> **Provided records**
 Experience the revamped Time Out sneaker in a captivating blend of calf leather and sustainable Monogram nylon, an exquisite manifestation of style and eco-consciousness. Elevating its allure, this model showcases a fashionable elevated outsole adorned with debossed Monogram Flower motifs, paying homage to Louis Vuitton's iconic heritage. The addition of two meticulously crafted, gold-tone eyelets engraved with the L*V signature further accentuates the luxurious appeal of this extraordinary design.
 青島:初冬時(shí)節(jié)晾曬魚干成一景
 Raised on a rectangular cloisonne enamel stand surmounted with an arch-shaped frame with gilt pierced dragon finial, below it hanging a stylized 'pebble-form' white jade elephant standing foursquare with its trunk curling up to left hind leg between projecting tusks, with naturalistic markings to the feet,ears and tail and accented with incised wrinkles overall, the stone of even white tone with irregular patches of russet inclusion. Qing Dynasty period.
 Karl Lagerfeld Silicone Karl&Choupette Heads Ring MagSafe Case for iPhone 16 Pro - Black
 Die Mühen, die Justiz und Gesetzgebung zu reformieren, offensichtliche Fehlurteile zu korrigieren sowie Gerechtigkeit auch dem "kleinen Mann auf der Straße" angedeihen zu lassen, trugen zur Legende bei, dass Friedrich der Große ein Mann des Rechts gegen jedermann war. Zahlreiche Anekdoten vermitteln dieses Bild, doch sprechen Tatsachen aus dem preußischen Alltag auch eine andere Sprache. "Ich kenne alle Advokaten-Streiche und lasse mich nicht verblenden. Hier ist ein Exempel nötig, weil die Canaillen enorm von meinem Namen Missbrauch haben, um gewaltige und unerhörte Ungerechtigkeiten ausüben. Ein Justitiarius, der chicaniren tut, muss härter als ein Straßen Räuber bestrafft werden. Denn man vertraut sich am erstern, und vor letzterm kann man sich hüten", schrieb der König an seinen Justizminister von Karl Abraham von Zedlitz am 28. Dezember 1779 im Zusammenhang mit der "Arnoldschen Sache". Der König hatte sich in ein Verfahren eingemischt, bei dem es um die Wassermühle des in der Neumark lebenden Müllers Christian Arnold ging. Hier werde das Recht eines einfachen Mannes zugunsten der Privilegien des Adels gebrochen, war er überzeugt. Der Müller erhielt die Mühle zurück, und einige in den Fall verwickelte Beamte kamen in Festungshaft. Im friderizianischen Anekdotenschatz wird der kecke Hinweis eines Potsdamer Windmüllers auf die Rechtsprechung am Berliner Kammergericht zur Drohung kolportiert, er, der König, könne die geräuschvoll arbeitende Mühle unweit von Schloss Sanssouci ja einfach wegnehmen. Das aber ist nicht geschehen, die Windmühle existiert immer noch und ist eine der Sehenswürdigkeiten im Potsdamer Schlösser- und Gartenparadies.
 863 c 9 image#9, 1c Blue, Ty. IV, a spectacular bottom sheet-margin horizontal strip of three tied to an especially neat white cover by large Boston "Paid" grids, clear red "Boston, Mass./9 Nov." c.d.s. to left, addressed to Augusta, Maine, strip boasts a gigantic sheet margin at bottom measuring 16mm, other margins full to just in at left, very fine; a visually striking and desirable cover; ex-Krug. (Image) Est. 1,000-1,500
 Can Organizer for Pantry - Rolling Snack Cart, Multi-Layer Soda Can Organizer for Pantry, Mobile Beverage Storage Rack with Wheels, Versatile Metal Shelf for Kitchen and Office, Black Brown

> **What you are asked to do**
Print only the lines that run from the start of the listing to the line bearing "青島:初冬時(shí)節(jié)晾曬魚干成一景"; please keep the first line and that last one, exactly as they appear.

> **Solution for this exercise**
 Experience the revamped Time Out sneaker in a captivating blend of calf leather and sustainable Monogram nylon, an exquisite manifestation of style and eco-consciousness. Elevating its allure, this model showcases a fashionable elevated outsole adorned with debossed Monogram Flower motifs, paying homage to Louis Vuitton's iconic heritage. The addition of two meticulously crafted, gold-tone eyelets engraved with the L*V signature further accentuates the luxurious appeal of this extraordinary design.
 青島:初冬時(shí)節(jié)晾曬魚干成一景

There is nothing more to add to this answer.